Among the entries below, only the lines from the one with "Mit seiner niedrigen" through the one with "Рис. 2. Представление" are wanted, reproduced exactly. Pictures are not wanted.

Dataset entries
━━━━

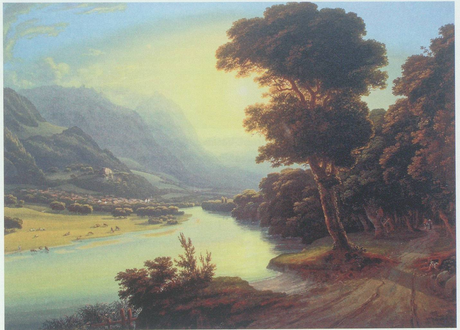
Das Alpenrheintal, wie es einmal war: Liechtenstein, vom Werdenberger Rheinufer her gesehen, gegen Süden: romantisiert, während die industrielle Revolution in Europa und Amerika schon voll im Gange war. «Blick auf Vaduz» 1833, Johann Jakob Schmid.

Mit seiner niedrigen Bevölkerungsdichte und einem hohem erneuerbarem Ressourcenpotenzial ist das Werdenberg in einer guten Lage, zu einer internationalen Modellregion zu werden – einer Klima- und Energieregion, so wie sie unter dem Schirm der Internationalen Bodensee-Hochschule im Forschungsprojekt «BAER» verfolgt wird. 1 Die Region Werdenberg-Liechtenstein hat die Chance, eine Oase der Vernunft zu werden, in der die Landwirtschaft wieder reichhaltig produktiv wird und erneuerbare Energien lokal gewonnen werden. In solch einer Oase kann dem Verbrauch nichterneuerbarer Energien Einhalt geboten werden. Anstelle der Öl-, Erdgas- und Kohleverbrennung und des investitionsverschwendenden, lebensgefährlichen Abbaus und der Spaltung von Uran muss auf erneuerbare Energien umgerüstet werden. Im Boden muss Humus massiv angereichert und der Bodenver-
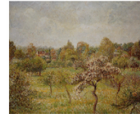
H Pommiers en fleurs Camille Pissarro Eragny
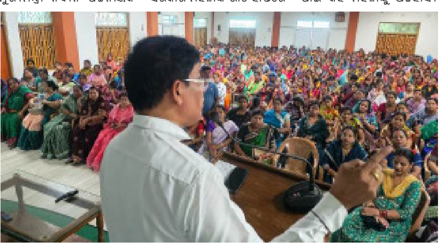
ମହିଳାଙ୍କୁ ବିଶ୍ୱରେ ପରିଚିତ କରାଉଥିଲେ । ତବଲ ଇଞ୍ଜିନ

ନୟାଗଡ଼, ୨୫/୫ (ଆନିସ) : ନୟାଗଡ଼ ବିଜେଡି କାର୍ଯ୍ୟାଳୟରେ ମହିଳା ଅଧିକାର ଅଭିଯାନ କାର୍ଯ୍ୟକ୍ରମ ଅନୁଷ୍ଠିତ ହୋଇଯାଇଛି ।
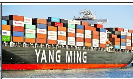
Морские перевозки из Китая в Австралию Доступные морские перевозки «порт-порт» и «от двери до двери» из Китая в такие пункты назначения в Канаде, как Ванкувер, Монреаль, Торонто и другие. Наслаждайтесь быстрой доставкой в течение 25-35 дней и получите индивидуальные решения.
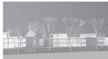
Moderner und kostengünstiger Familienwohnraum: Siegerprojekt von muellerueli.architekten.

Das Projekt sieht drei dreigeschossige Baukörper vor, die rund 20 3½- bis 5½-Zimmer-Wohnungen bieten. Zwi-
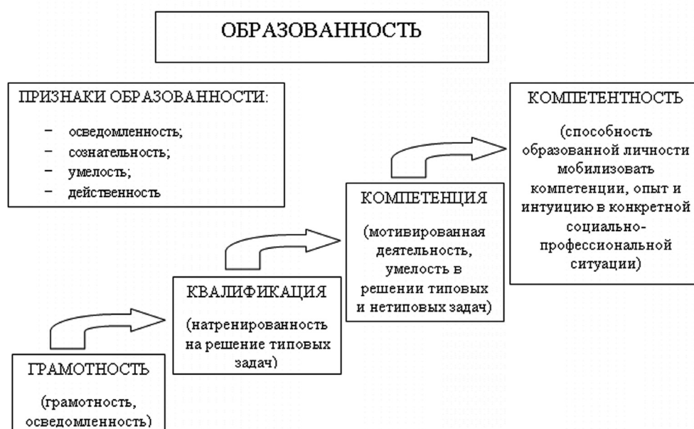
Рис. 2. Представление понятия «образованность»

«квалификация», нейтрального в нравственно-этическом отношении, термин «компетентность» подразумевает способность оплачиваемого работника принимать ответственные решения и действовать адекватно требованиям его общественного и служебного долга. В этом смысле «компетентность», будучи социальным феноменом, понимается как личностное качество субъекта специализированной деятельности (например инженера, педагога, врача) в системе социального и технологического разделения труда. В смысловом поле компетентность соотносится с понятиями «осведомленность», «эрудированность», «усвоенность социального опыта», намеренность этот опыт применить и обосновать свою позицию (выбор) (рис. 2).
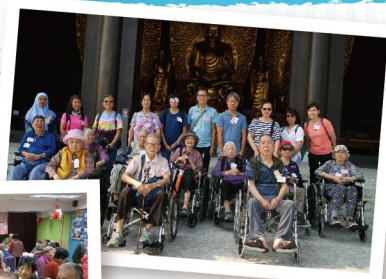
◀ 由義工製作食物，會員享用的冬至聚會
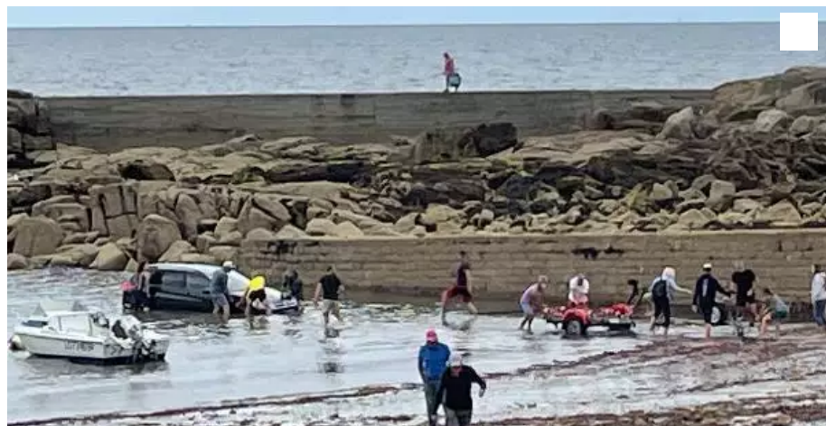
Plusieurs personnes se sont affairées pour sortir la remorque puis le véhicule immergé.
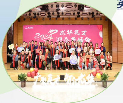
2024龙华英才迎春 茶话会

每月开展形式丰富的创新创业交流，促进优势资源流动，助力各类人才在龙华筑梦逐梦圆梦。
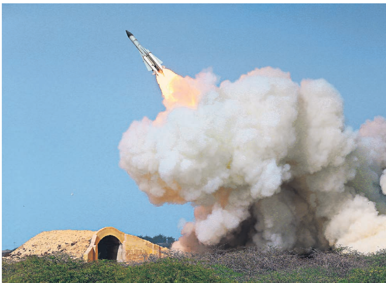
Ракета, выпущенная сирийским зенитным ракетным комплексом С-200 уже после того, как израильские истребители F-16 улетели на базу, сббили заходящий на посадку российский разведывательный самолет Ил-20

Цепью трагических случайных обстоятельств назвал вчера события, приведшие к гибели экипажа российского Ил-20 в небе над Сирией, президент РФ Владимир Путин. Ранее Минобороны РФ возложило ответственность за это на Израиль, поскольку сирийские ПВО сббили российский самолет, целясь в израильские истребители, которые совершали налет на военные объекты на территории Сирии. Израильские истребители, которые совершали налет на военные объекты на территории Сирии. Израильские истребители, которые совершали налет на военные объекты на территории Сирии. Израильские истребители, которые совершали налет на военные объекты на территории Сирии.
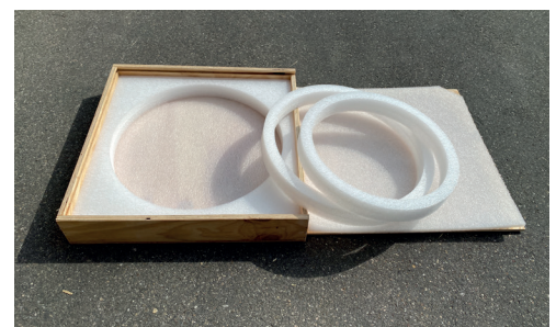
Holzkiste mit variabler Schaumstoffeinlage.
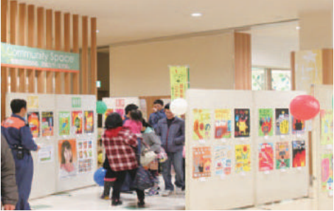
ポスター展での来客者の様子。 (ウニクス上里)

━━━━

### Response to this task
Mit seiner niedrigen Bevölkerungsdichte und einem hohem erneuerbarem Ressourcenpotenzial ist das Werdenberg in einer guten Lage, zu einer internationalen Modellregion zu werden – einer Klima- und Energieregion, so wie sie unter dem Schirm der Internationalen Bodensee-Hochschule im Forschungsprojekt «BAER» verfolgt wird. 1 Die Region Werdenberg-Liechtenstein hat die Chance, eine Oase der Vernunft zu werden, in der die Landwirtschaft wieder reichhaltig produktiv wird und erneuerbare Energien lokal gewonnen werden. In solch einer Oase kann dem Verbrauch nichterneuerbarer Energien Einhalt geboten werden. Anstelle der Öl-, Erdgas- und Kohleverbrennung und des investitionsverschwendenden, lebensgefährlichen Abbaus und der Spaltung von Uran muss auf erneuerbare Energien umgerüstet werden. Im Boden muss Humus massiv angereichert und der Bodenver-
H Pommiers en fleurs Camille Pissarro Eragny
ମହିଳାଙ୍କୁ ବିଶ୍ୱରେ ପରିଚିତ କରାଉଥିଲେ । ତବଲ ଇଞ୍ଜିନ

ନୟାଗଡ଼, ୨୫/୫ (ଆନିସ) : ନୟାଗଡ଼ ବିଜେଡି କାର୍ଯ୍ୟାଳୟରେ ମହିଳା ଅଧିକାର ଅଭିଯାନ କାର୍ଯ୍ୟକ୍ରମ ଅନୁଷ୍ଠିତ ହୋଇଯାଇଛି ।
Морские перевозки из Китая в Австралию Доступные морские перевозки «порт-порт» и «от двери до двери» из Китая в такие пункты назначения в Канаде, как Ванкувер, Монреаль, Торонто и другие. Наслаждайтесь быстрой доставкой в течение 25-35 дней и получите индивидуальные решения.
Moderner und kostengünstiger Familienwohnraum: Siegerprojekt von muellerueli.architekten.

Das Projekt sieht drei dreigeschossige Baukörper vor, die rund 20 3½- bis 5½-Zimmer-Wohnungen bieten. Zwi-
Рис. 2. Представление понятия «образованность»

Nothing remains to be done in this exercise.